▶ Dataset section:

>>>

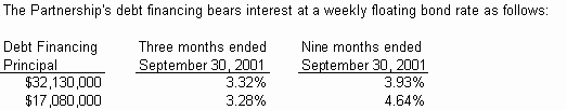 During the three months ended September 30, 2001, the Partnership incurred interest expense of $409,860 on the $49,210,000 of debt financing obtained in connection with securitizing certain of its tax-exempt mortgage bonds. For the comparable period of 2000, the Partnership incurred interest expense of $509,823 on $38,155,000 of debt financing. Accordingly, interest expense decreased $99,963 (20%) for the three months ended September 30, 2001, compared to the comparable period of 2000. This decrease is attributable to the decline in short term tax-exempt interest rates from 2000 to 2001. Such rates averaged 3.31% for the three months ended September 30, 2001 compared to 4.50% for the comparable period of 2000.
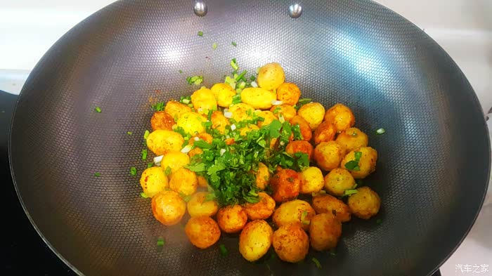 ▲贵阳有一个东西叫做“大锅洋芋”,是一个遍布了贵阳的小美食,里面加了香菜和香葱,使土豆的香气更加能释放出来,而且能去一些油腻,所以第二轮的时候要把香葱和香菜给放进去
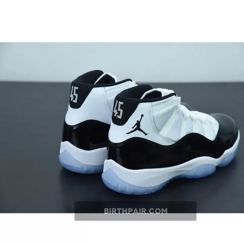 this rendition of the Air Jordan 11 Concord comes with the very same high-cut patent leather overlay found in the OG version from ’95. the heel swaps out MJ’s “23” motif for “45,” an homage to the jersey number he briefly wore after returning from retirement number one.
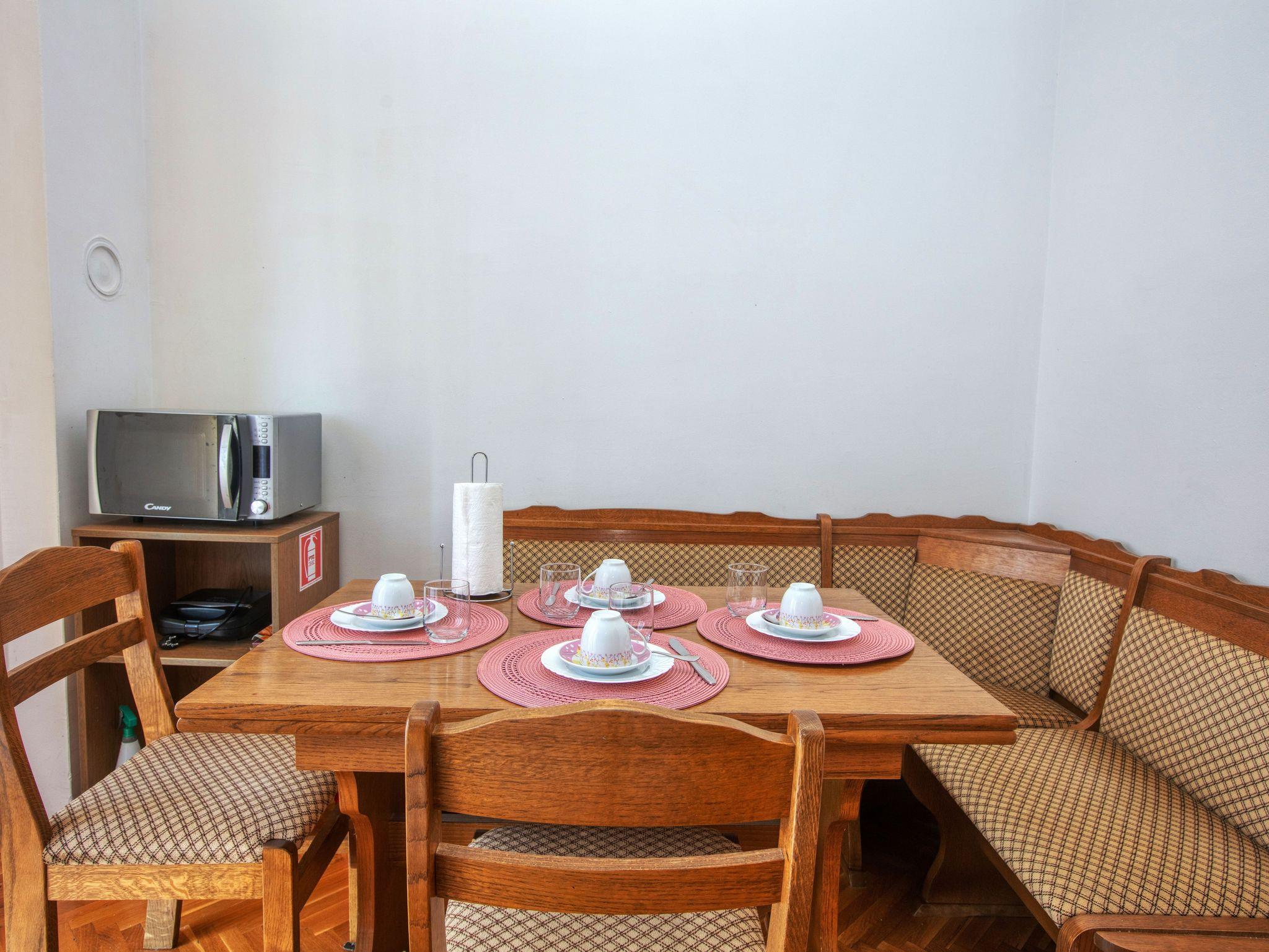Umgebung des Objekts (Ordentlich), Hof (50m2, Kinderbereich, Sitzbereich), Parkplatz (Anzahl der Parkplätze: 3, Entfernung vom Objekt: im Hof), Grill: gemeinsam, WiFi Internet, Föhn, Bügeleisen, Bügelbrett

<<<

▶ Problem: Copy all of the data above exactly. Leave out every picture.

▶ Expected answer:
 During the three months ended September 30, 2001, the Partnership incurred interest expense of $409,860 on the $49,210,000 of debt financing obtained in connection with securitizing certain of its tax-exempt mortgage bonds. For the comparable period of 2000, the Partnership incurred interest expense of $509,823 on $38,155,000 of debt financing. Accordingly, interest expense decreased $99,963 (20%) for the three months ended September 30, 2001, compared to the comparable period of 2000. This decrease is attributable to the decline in short term tax-exempt interest rates from 2000 to 2001. Such rates averaged 3.31% for the three months ended September 30, 2001 compared to 4.50% for the comparable period of 2000.
 ▲贵阳有一个东西叫做“大锅洋芋”,是一个遍布了贵阳的小美食,里面加了香菜和香葱,使土豆的香气更加能释放出来,而且能去一些油腻,所以第二轮的时候要把香葱和香菜给放进去
 this rendition of the Air Jordan 11 Concord comes with the very same high-cut patent leather overlay found in the OG version from ’95. the heel swaps out MJ’s “23” motif for “45,” an homage to the jersey number he briefly wore after returning from retirement number one.
Umgebung des Objekts (Ordentlich), Hof (50m2, Kinderbereich, Sitzbereich), Parkplatz (Anzahl der Parkplätze: 3, Entfernung vom Objekt: im Hof), Grill: gemeinsam, WiFi Internet, Föhn, Bügeleisen, Bügelbrett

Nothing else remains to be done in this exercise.